Skin cancer is mostly the result of exposure to ultraviolet (UV) light. Most people are exposed to UV light from the sun. But indoor tanning beds are the second most prevalent source of UV light, according to Dr. Kang.
Research shows that women under the age of 35 who use tanning beds increase their risk of skin cancer by 75 percent. Women who use tanning beds just once a month increase their risk of melanoma — the most serious type of skin cancer — by 55 percent. To get that sun-kissed glow, Dr. Kang recommends spray tans as a safe alternative.

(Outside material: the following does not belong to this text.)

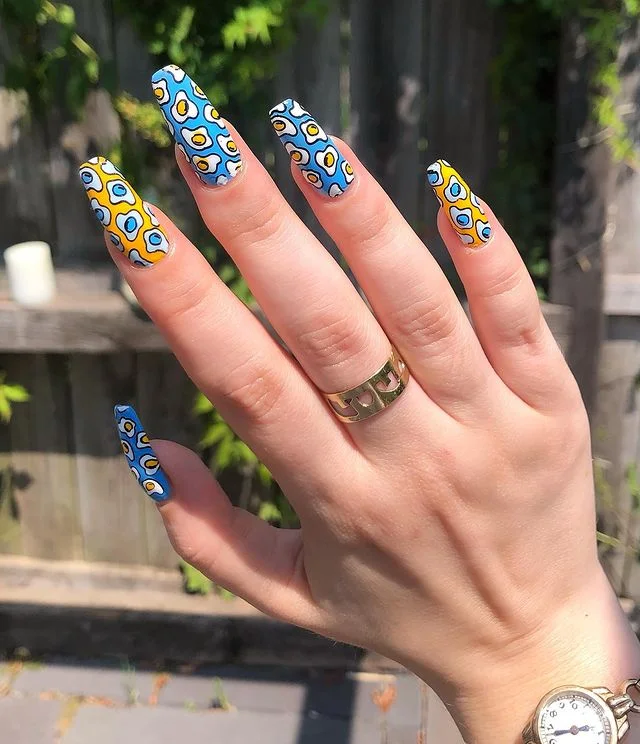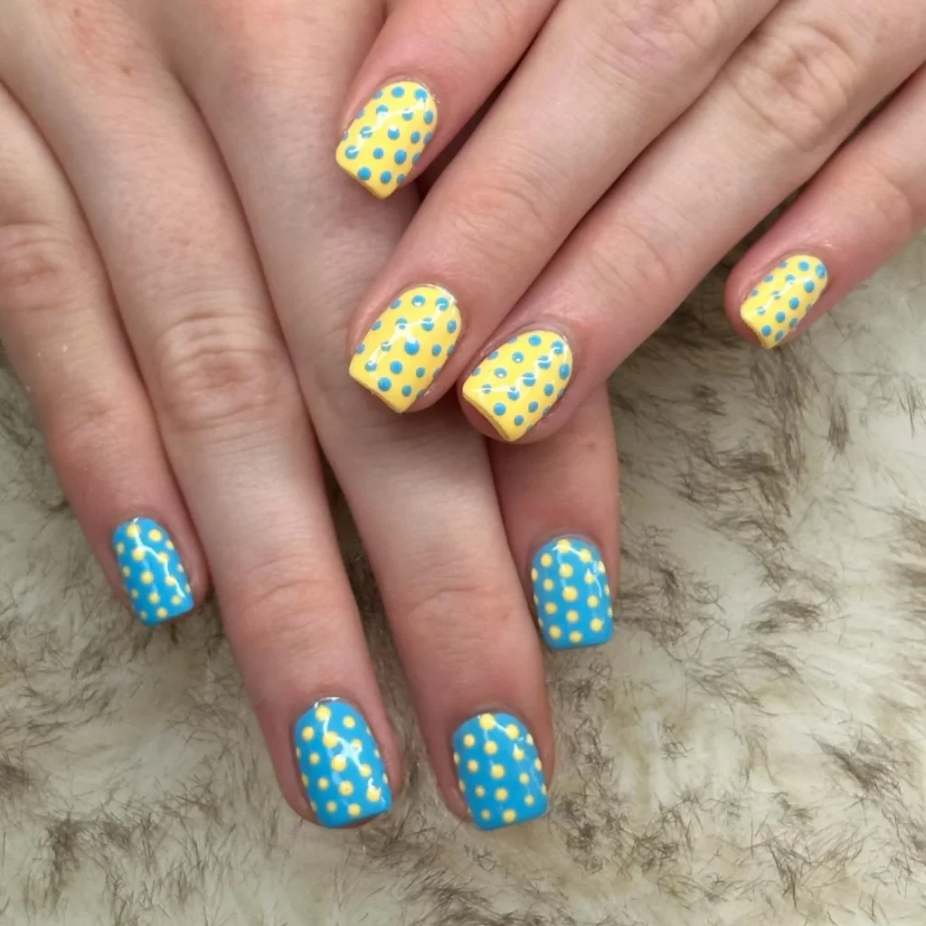 These nails are pure joy. The mix of blue and yellow dots feels fun and carefree like sunshine on a weekend. Every nail feels different yet perfectly coordinated. It is a playful design that adds instant charm to any outfit.

2. Sunscreen with SPF 30 is fine — as long as you apply it correctly.
SPF — sun protection factor — is a relative measurement of how long your sunscreen will protect you from UV rays. (For example, 30 SPF equals 30 minutes of protection.) Dr. Kang says SPF 30 is the ideal number. There’s no need to use a higher SPF, as long as you’re applying it properly.
You should put about two tablespoons of sunscreen on your face and any exposed skin daily. Wait 15 minutes so it can soak in before going in the sun; then reapply every few hours if you’re sweating or around water. Otherwise, one application in the morning is fine.
Dr. Kang recommends making sunscreen part of your daily routine — and keeping it near your toiletries or in your car. Research has shown that if your sunscreen is next to your toothpaste, you’re more likely to use it.
3. Avoiding the sun at peak hours helps to reduce risk.
Of course, you want to spend time outside during the summer — but be mindful of the sun’s peak hours between 10 a.m. and 4 p.m. when it’s burning rays are strongest. If you do go outside during this time, be sure to apply enough sunscreen and cover all exposed areas. Wearing a sun hat or long-sleeved shirt also can help reduce your risk of sunburn.
The American Academy of Dermatology recommends using sunscreen every day if you’ll be outside. Even on an overcast day, it’s still possible to get burned.
4. Only some moles are cause for concern.
Check your moles on a regular basis. Dr. Kang says to follow the ABCDEF rule: You should see your primary care doctor if a mole is asymmetrical (A), has irregular borders (B), is multiple colors or has changed colors (C), is larger in diameter (D) than a pencil eraser, is evolving (E), or looks funny (F) in any way. If you have a mole that’s ulcerating or bleeding, you should see a doctor immediately.
“On the other hand, if you’ve had a mole that’s been the same for 20 years and there has been no change, it is probably fine,” says Dr. Kang.
5. Prevention is vital for everyone.
“Having fair skin, red hair, or blue eyes definitely elevates your risk for skin cancer,” says Dr. Kang. But just because you’re not pale-skinned doesn’t mean you shouldn’t worry about prevention. He says that people with darker skin need to be just as careful about sun exposure.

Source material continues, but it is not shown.